» Exercise description
Give back the entries in full, exactly as they are written.

» Excerpted records
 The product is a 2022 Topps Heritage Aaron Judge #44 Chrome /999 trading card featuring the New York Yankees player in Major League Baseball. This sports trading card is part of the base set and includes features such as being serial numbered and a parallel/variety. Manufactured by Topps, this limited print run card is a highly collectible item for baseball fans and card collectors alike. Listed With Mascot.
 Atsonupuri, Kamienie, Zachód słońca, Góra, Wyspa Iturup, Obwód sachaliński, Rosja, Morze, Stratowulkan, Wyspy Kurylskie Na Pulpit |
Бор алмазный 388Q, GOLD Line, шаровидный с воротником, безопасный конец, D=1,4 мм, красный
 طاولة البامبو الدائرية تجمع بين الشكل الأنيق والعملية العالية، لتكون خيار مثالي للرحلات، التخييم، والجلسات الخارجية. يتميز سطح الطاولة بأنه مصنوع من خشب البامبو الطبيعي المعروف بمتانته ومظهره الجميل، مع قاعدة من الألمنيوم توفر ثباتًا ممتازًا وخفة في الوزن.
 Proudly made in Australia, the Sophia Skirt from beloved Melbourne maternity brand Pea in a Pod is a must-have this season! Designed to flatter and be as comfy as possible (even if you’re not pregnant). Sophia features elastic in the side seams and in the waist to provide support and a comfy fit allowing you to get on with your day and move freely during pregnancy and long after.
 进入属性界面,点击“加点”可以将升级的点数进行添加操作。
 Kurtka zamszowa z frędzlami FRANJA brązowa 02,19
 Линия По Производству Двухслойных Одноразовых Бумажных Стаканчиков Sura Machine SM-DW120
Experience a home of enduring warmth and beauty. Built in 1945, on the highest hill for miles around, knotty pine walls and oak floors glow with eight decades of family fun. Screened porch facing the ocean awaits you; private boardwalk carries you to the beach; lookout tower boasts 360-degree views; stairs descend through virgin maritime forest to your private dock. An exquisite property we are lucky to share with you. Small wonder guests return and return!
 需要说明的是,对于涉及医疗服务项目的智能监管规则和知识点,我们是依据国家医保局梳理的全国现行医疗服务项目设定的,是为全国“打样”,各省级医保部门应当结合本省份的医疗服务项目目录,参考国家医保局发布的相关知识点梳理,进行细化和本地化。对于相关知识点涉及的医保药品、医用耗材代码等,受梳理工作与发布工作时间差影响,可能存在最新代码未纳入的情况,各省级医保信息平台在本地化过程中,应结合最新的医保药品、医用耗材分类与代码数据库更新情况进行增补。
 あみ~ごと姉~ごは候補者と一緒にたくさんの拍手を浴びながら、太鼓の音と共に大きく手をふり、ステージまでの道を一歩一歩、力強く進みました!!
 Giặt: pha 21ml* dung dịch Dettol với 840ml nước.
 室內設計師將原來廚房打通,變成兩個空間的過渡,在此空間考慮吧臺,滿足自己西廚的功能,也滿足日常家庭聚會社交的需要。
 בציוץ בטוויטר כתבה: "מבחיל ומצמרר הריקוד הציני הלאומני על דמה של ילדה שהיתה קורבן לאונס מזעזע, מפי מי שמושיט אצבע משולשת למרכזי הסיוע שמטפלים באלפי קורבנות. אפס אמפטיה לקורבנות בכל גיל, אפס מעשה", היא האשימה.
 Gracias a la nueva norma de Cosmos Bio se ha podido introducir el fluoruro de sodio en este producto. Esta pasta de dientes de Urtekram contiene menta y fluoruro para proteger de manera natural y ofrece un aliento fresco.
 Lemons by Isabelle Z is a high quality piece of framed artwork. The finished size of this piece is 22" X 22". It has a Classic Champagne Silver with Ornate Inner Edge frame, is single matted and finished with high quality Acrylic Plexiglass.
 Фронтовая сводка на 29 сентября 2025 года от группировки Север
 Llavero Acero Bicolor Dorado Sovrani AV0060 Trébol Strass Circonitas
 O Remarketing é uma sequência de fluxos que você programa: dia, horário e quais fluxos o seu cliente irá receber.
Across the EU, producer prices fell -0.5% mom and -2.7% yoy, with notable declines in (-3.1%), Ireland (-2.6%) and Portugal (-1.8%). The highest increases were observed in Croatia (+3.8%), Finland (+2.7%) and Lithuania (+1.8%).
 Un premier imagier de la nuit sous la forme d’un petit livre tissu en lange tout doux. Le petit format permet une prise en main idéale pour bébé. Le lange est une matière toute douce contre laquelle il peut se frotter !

» Task answer
 The product is a 2022 Topps Heritage Aaron Judge #44 Chrome /999 trading card featuring the New York Yankees player in Major League Baseball. This sports trading card is part of the base set and includes features such as being serial numbered and a parallel/variety. Manufactured by Topps, this limited print run card is a highly collectible item for baseball fans and card collectors alike. Listed With Mascot.
 Atsonupuri, Kamienie, Zachód słońca, Góra, Wyspa Iturup, Obwód sachaliński, Rosja, Morze, Stratowulkan, Wyspy Kurylskie Na Pulpit |
Бор алмазный 388Q, GOLD Line, шаровидный с воротником, безопасный конец, D=1,4 мм, красный
 طاولة البامبو الدائرية تجمع بين الشكل الأنيق والعملية العالية، لتكون خيار مثالي للرحلات، التخييم، والجلسات الخارجية. يتميز سطح الطاولة بأنه مصنوع من خشب البامبو الطبيعي المعروف بمتانته ومظهره الجميل، مع قاعدة من الألمنيوم توفر ثباتًا ممتازًا وخفة في الوزن.
 Proudly made in Australia, the Sophia Skirt from beloved Melbourne maternity brand Pea in a Pod is a must-have this season! Designed to flatter and be as comfy as possible (even if you’re not pregnant). Sophia features elastic in the side seams and in the waist to provide support and a comfy fit allowing you to get on with your day and move freely during pregnancy and long after.
 进入属性界面,点击“加点”可以将升级的点数进行添加操作。
 Kurtka zamszowa z frędzlami FRANJA brązowa 02,19
 Линия По Производству Двухслойных Одноразовых Бумажных Стаканчиков Sura Machine SM-DW120
Experience a home of enduring warmth and beauty. Built in 1945, on the highest hill for miles around, knotty pine walls and oak floors glow with eight decades of family fun. Screened porch facing the ocean awaits you; private boardwalk carries you to the beach; lookout tower boasts 360-degree views; stairs descend through virgin maritime forest to your private dock. An exquisite property we are lucky to share with you. Small wonder guests return and return!
 需要说明的是,对于涉及医疗服务项目的智能监管规则和知识点,我们是依据国家医保局梳理的全国现行医疗服务项目设定的,是为全国“打样”,各省级医保部门应当结合本省份的医疗服务项目目录,参考国家医保局发布的相关知识点梳理,进行细化和本地化。对于相关知识点涉及的医保药品、医用耗材代码等,受梳理工作与发布工作时间差影响,可能存在最新代码未纳入的情况,各省级医保信息平台在本地化过程中,应结合最新的医保药品、医用耗材分类与代码数据库更新情况进行增补。
 あみ~ごと姉~ごは候補者と一緒にたくさんの拍手を浴びながら、太鼓の音と共に大きく手をふり、ステージまでの道を一歩一歩、力強く進みました!!
 Giặt: pha 21ml* dung dịch Dettol với 840ml nước.
 室內設計師將原來廚房打通,變成兩個空間的過渡,在此空間考慮吧臺,滿足自己西廚的功能,也滿足日常家庭聚會社交的需要。
 בציוץ בטוויטר כתבה: "מבחיל ומצמרר הריקוד הציני הלאומני על דמה של ילדה שהיתה קורבן לאונס מזעזע, מפי מי שמושיט אצבע משולשת למרכזי הסיוע שמטפלים באלפי קורבנות. אפס אמפטיה לקורבנות בכל גיל, אפס מעשה", היא האשימה.
 Gracias a la nueva norma de Cosmos Bio se ha podido introducir el fluoruro de sodio en este producto. Esta pasta de dientes de Urtekram contiene menta y fluoruro para proteger de manera natural y ofrece un aliento fresco.
 Lemons by Isabelle Z is a high quality piece of framed artwork. The finished size of this piece is 22" X 22". It has a Classic Champagne Silver with Ornate Inner Edge frame, is single matted and finished with high quality Acrylic Plexiglass.
 Фронтовая сводка на 29 сентября 2025 года от группировки Север
 Llavero Acero Bicolor Dorado Sovrani AV0060 Trébol Strass Circonitas
 O Remarketing é uma sequência de fluxos que você programa: dia, horário e quais fluxos o seu cliente irá receber.
Across the EU, producer prices fell -0.5% mom and -2.7% yoy, with notable declines in (-3.1%), Ireland (-2.6%) and Portugal (-1.8%). The highest increases were observed in Croatia (+3.8%), Finland (+2.7%) and Lithuania (+1.8%).
 Un premier imagier de la nuit sous la forme d’un petit livre tissu en lange tout doux. Le petit format permet une prise en main idéale pour bébé. Le lange est une matière toute douce contre laquelle il peut se frotter !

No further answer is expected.